Researchers Wary of Mad Cow-like Disease in Wildlife
January 24, 1998 Web posted at: 11:52 a.m. EST (1652 GMT)
ESTES PARK, Colorado (AP) -- The emaciated mule deer stares blankly into space. Then, stumbling in small circles, it falls over dead, another victim of chronic wasting disease.
It is a grim sight for wildlife officials working in the Rocky Mountains on the border of Colorado and Wyoming, one of only two spots in the world where the disease has appeared.
For health officials, a frightening question must be answered: Will this terrible illness cross over to the human population?
The National Institutes of Health is investigating because mad cow disease, similar to the chronic wasting disease that has struck mule deer and elk, has been linked to a brain-wasting malady in humans -- Creutzfeldt-Jakob disease -- that has killed 20 people in Europe.
"We know there's a link between the diseases, not a causal link necessarily, but they're the same kind of disease," said Byron Caughey, biochemist at the NIH's Rocky Mountain Laboratories in Hamilton, Montana.
"Of great interest is whether we have to worry about it being transmitted into other animal hosts, whether cattle or humans," he said.
About 6 percent of mule deer in the area of northern Colorado and southern Wyoming suffer from chronic wasting disease, or CWD, said Todd Malmsbury, spokesman for the Colorado Division of Wildlife in Denver.
There are an estimated 550,000 mule deer -- a brown, white-tailed species with big ears -- in all of Colorado.
Like mad cow disease, or bovine spongiform encephalopathy, and the new strain considered its human equivalent, Creutzfeldt-Jakob disease, CWD destroys brain tissue and kills its victims.
Both Creutzfeldt-Jakob and CWD leave spongelike holes in victims' brains.

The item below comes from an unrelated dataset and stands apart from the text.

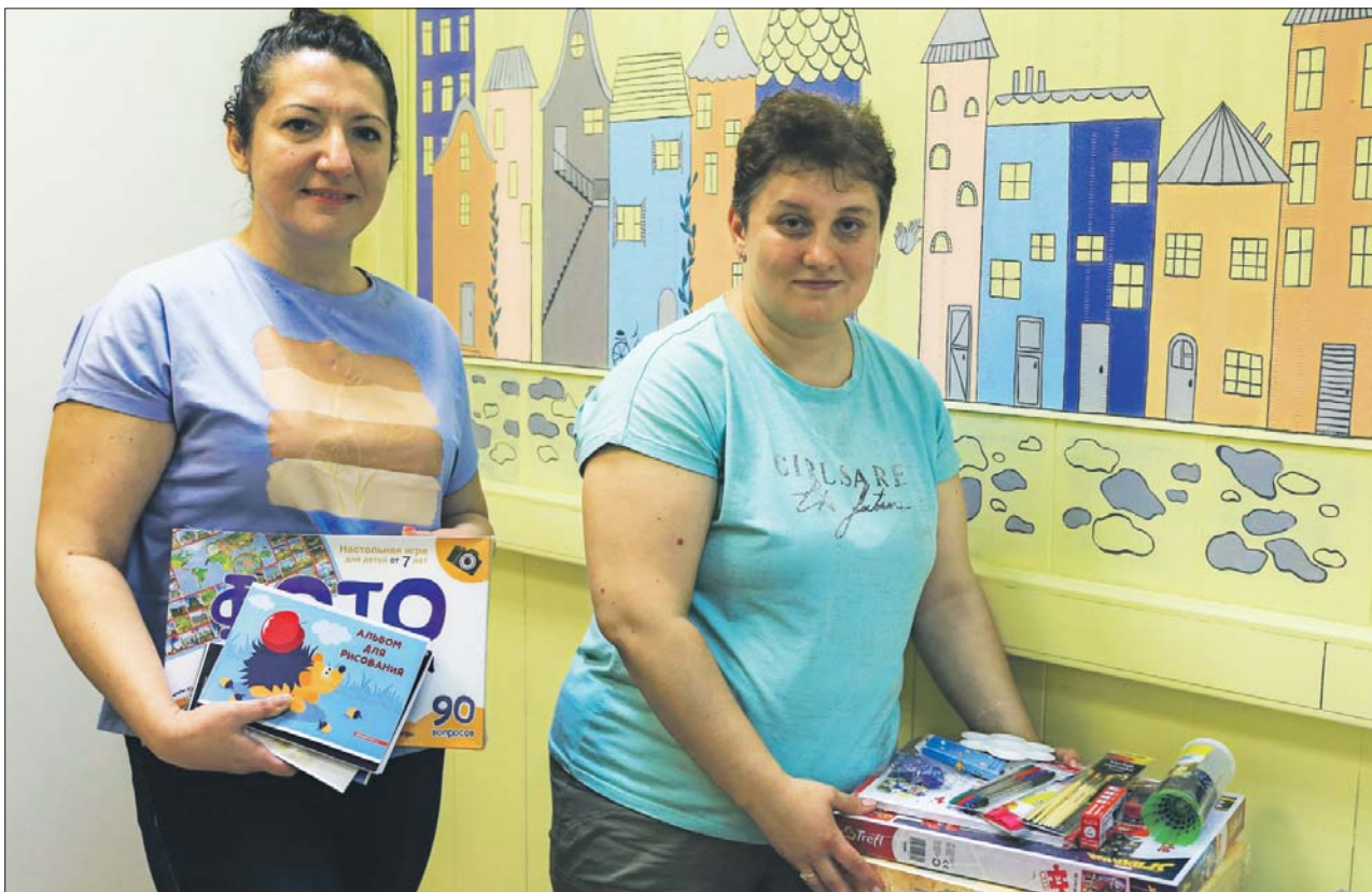
Волонтеры «Ладощки» собирают наборы для детского творчества

Центру в Новокосине нужны волонтеры и бытовая техника

Creutzfeldt-Jakob may lie dormant for years, but once symptoms appear -- loss of muscle control and dementia -- it quickly destroys the brain.
It is rare, afflicting just one in a million people annually in the United States. But it's fatal, killing about seven months after symptoms appear.
All three diseases -- mad cow, Creutzfeldt-Jakob and the wasting disease -- are blamed on infectious rogue proteins called prions, which are mutant versions of proteins that occur normally in the body.
An American biochemist, Stanley Prusiner, won the Nobel Prize in medicine in October for discovering the Jekyll-and-Hyde protein that causes these brain-destroying illnesses. Prions are considered an entirely new type of disease-causing agent, distinct from bacteria, viruses, fungi or parasites.
No one has become sick from carrying the wasting disease -- but wildlife officials require hunters to turn in the heads of deer or elk they've killed. If the brains test positive, the hunters are advised to dump the meat.
Forty deer turned in during the past hunting season tested positive, Malmsbury said.
While the NIH is interested in whether the wasting disease can jump to humans, federal and state agencies have launched three studies to determine its transmissibility to cattle, said Mike Miller, a state wildlife veterinarian.
In Iowa, researchers are injecting brain material of infected wildlife into the brains of cattle. At the University of Wyoming, infected brain material is being given to cattle orally.
In addition, researchers are investigating whether the disease can be spread through contact, letting cattle live with deer herds that have contained infected animals.
Copyright 1998 The Associated Press. All rights reserved. This material may not be published, broadcast, rewritten, or redistributed.
Related stories:
Scientists unveil "Mad Mice" - December 24, 1997
Ireland not alone in human 'mad cow disease' scare - December 15, 1997
Copyright © 1998 Cable News Network, Inc. A Time Warner Company ALL RIGHTS RESERVED. Terms under which this information is provided to you.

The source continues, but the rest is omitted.